Paving the way for “Fee For Value” with Health Catalyst’s CEO Dan Burton

By David Harlow, JD MPH, Principal, The Harlow Group LLC
Twitter: @healthblawg
Host: Harlow on Healthcare
Hashtag: #HarlowOnHC

I spoke with Dan Burton, CEO of Health Catalyst, about the range of his company’s work with health care systems when we met at HIMSS 2018. As he put it, Heath Catalyst provides three things:

  • Data platforms to aggregate data from hundreds of sources, creating a single source of truth
  • Applications to analyze data
  • Expertise, so that when a client decides to work on projects that the data has led them to, the company can help them execute those projects

The key point to remember when thinking about patient data is that the EHR, while it’s been the cornerstone, is just one of a multitude of data sources needed in order to get a fuller picture of patient and population health. As Dan said, “the move from paper records to the EHR is necessary, but not sufficient, to harness all the data relating to an individual patient.” The aggregated data from all sources allows for pinpointing of opportunities for improvement using analytics.

Dan offered an example of the data and the analytics Health Catalyst brings to bear, in the realm of reducing readmissions. Since readmissions are caused by multiple variables working together, linking the EHR with the LIS (lab data), patient experience and socioeconomic data will help predict an individual patient’s higher risk of readmission, analyzing that data in real time and feeding it back to the provider organization can trigger actions that can help prevent readmission, e.g., focusing on food security, housing security, access to transportation, and other social determinants of health.
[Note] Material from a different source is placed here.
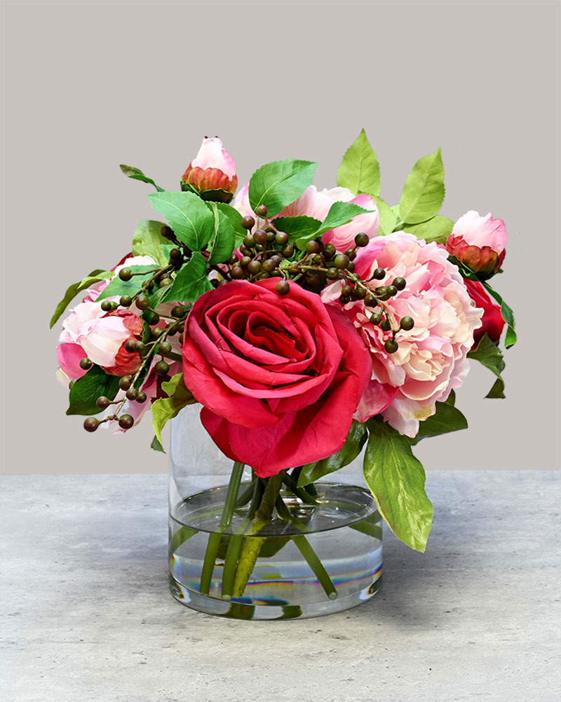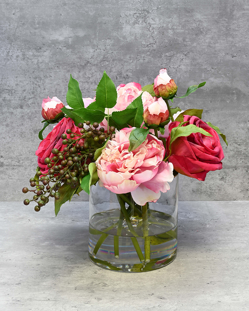Peonies and roses fill this vase, blending vibrant colour and timeless style to create a classic arrangement. Added greenery provides a beautiful contrast, enhancing the natural look. The stems are artfully placed within the glass vase in faux water, giving the illusion they were just clipped from the garden. Perfect for any table in the home, this arrangement brings a fresh, natural look to your space.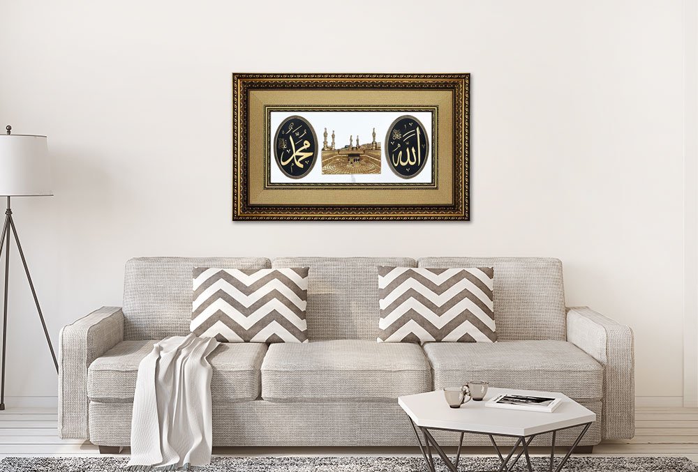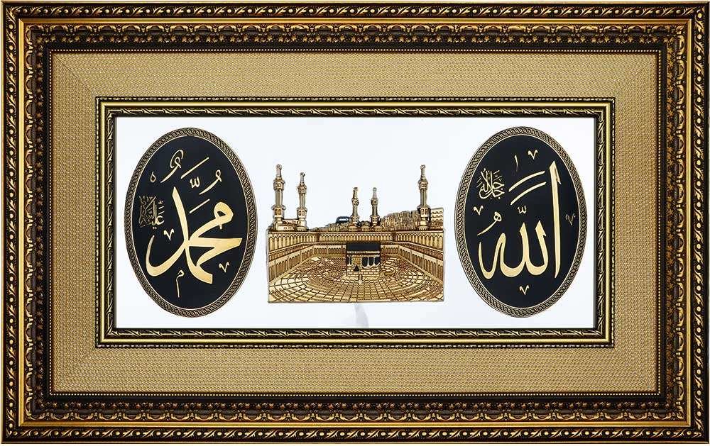 التسليم: 1 × المينا تصوير ديني الزخرفي ثلاثية الأبعاد كبيرة "الله محمد كعبة" | الذهب - 58×95سم

Technology alone is rarely enough to improve outcomes improve; human behavior has to change, too. Thus, Dan explained that Health Catalyst pairs its technology with expertise in the form of staff who have had success in — for example — reducing readmissions elsewhere.

Dan noted that the transition to value-based payment for health care services is going more slowly that one might thing form reading the headlines. Most Health Catalyst clients are “dabbling” in value-based care, but about 90% of payment is still made on a fee for service basis among Health Catalysts’ large health system clients. Even those clients that are participating in the Pioneer ACO program, and other alternative payment models, are often working in two parallel universes simultaneously, because not all payment is value-based. Thus, provider organizations are working in the fee for service and fee for value modes at the same time.

To succeed in the fee for value world, Dan notes that it becomes more important to understand cost structures. Systems optimized for the fee for service world have focused on monitoring and measuring volume drivers, revenue drivers, rather than measuring cost. Health Catalyst is working with UPMC on building new cost measurement infrastructure, capturing data at the individual procedure level. Dan said, “When everyone focuses on this it will be revolutionary.” He predicts that ten years from now, there will be greater focus on the cost side of equation – and that will be beneficial both to the system as a whole and to individual patients.

Health Catalyst recently launched a patient safety application, supported by all the data in the platform and augmented by patient safety expertise, to reduce patient injury.With a database of over 100 million patients, and machine learning algorithms, Health Catalyst can pinpoint exactly where a client’s experience deviates from an expected norm and can then prioritize areas where client is below average and other clients have been able to do better, reducing all-cause harm events.

When I asked Dan what he hoped would change in the next five years, he had a very specific answer: Expansion of fee for value, value-based purchasing to more than 50% of the health care economy. He said, “That would give me hope about getting more effective, more efficient, and that will drive many other secondary outcomes.”